Having world’s second largest gas reserves in the world, Iran has the potential to satisfy the domestic demand and at the same time export considerable amount of gas to other countries, U.S. Northeastern University Professor Kamran Dadkhah believes.

Dadkhah was commenting on how Iran would be dealing with its domestic gas consumption and exports, with the International sanctions still in full force.

He believes the sanctions have limited Iran’s export and production, bringing Qatar as a comparison.

“Iran and Qatar share gas fields in the Persian Gulf. Qatar is a small country with a population of less than two million, and yet it has successfully developed and exploited its share of the field,” Dadkhah said.

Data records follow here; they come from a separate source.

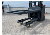
TOYOTA Werksüberholt / Factory refurbished
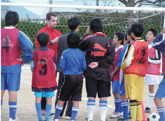
1. An ALT team-teaching in the classroom. 2. Saga Prefecture Charity Christmas Party 2012. 3. A CIR interpreting for a local authority representative and visitors from overseas. 4. Dressing up as models using newspaper at an orphanage. 5. A SEA teaching soccer during club activities.
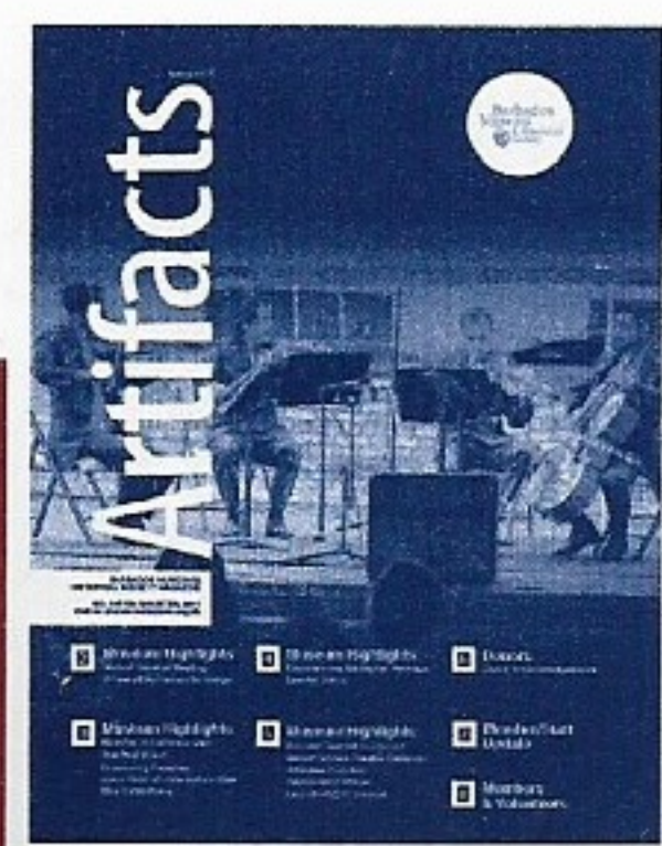
On Cover: The Borusan Quartet in concert at the Museum
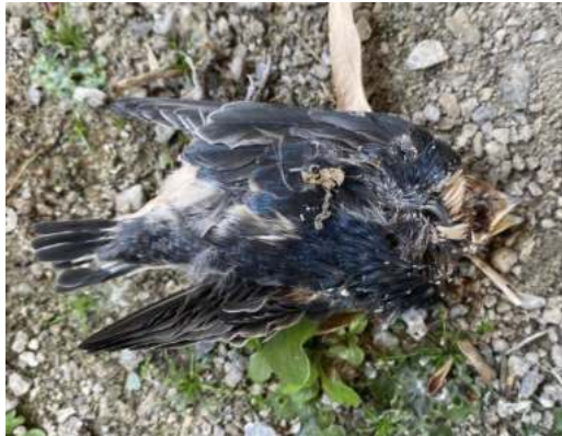
25 June 2023

(Dead nestling, found near exclusion netting - the exclusion netting applied by the construction team on site is in a manner that appears unsafe for birds)
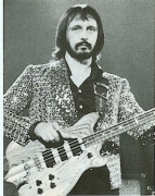
John Entwistle at Wembley Empire Pool in 1975.

tracks for the film of the same name in 1979. It didn't achieve the sales it deserved, and it's only recently that "Quadrophenia" has been greeted as the major work it undoubtedly is.
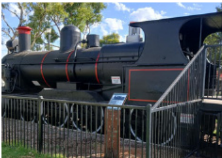
Above: Renewed historical interpretive signage installed at the Taillem Bend Train Park.

The Taillem Bend Train Park's historical interpretive sign has been replaced and the Tintinara and Coonalpyn playgrounds have received a top up of soft fall mulch.
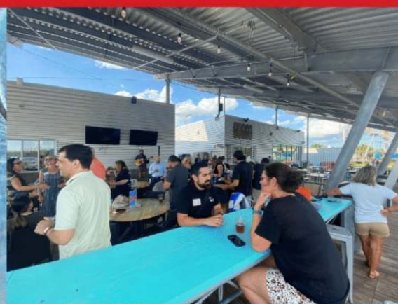
Arcimoto sponsors the First Tuesdays After-Hours Event on June 7 at Nona Adventure Park. LNRCC chamber members sample appetizers along with drink specials while professional networking with a sunset backdrop.
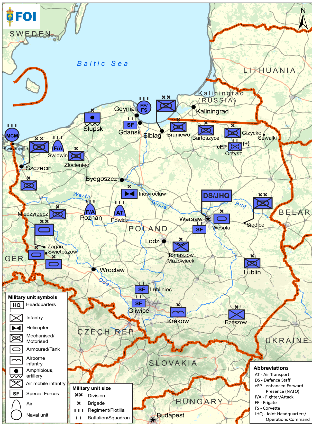
Map: Overview of Polish armed forces and their basing

NB: Design by Per Wikström. The map covers mainly operational headquarters and manoeuvre forces.
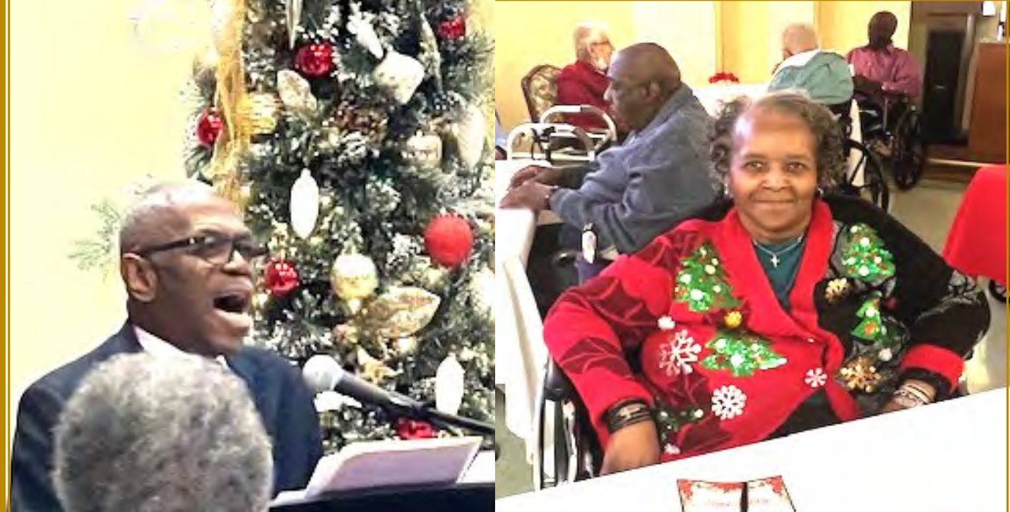
The Annual Holiday Open House and Program is a joyous occasion of fellowship and fine dining.
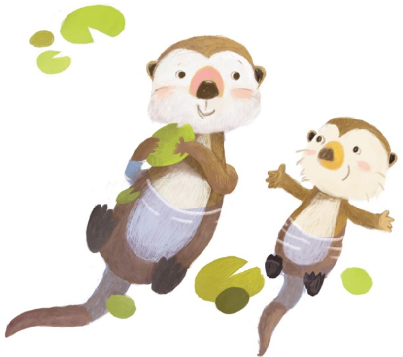
Illustrations for the Obie Otter story series by Troy Brownfield, created for the iconic children's magazine Humpty Dumpty Magazine. USA, 2024.
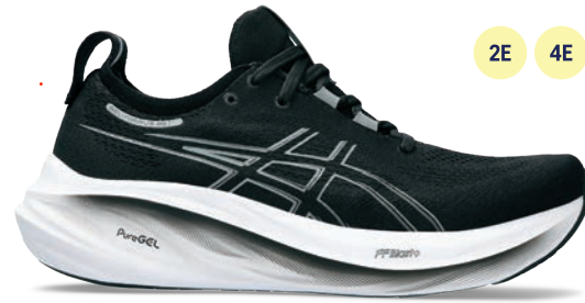
GEL-NIMBUS® 26 Style #: 1011B794-001 Style #: 1011B795-001 (2E) Style #: 1011B796-001 (4E) Colour: BLACK/GRAPHITE GREY EOL: 12/31/2024

“Iran on the other hand with a population of 78 million has been unable to effectively develop its share due to international sanctions. In the meantime, population growth has increased the domestic demand for gas.”

The expert believes even with sanctions affecting the country’s exports, Iran would still be able to supply the country with gas, but its exports will suffer.

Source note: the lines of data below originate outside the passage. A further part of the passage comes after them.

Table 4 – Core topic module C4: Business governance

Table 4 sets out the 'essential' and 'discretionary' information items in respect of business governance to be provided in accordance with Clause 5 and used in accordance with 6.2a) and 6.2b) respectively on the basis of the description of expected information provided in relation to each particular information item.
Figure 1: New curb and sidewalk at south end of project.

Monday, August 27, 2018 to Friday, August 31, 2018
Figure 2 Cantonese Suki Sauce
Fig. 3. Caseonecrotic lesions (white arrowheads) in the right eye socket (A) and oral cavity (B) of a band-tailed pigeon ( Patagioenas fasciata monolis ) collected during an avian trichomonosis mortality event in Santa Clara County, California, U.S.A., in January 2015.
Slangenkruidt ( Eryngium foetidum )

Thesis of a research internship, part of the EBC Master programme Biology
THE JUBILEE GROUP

“It may even reduce exports to Turkey,” Dadkhah said.

Turkey imports eight million tons of oil and eight billion cubic meters of gas from Iran every year.

Speaking of Iran’s neighboring Central Asian countries, Dadkhah said that it would be of benefits for Iran to import gas from there, if necessary.

“Iran’s major gas fields are located in the south of the country while some of the large urban areas such as Tehran are located in the north and northeast,” Dadkhah said.

“Thus, a seemingly reasonable plan was to export from the southern gas fields and import gas for domestic consumption in the north and northeast from the Central Asian countries including Turkmenistan,” he added. “This would tremendously save on the transportation cost. But on the one hand international sanctions have deprived Iran from effectively developing its gas industry and utilizing its potentials.”

Several days ago Iran’s Deputy Oil Minister Jawad Owji said that Iran’s imports of gas from Turkmenistan will be increased up to 40 million of cubic meters per day in the near future from some 4-5 million cubic meters per day that the Islamic Republic was receiving about six months ago.

Iran’s Oil minister Rostam Qhasemi said on Monday that once all the phases of South Pars gas field come on stream, Iran will no longer need to import gas, adding that phases 15 and 16 of South Pars will come on stream by March 2013.

Back in October 2012, deputy director of National Iranian Gas Company Mostafa Kashkouli said that the country’s consumption will reach 600 million cubic meters per day during the winter.

On November 21, CEO of Iran’s Natural Gas Storage Company Masud Samivend said that the country plans to build a new underground natural gas storage facility that would be capable of storing some 14 billion cubic meters of gas.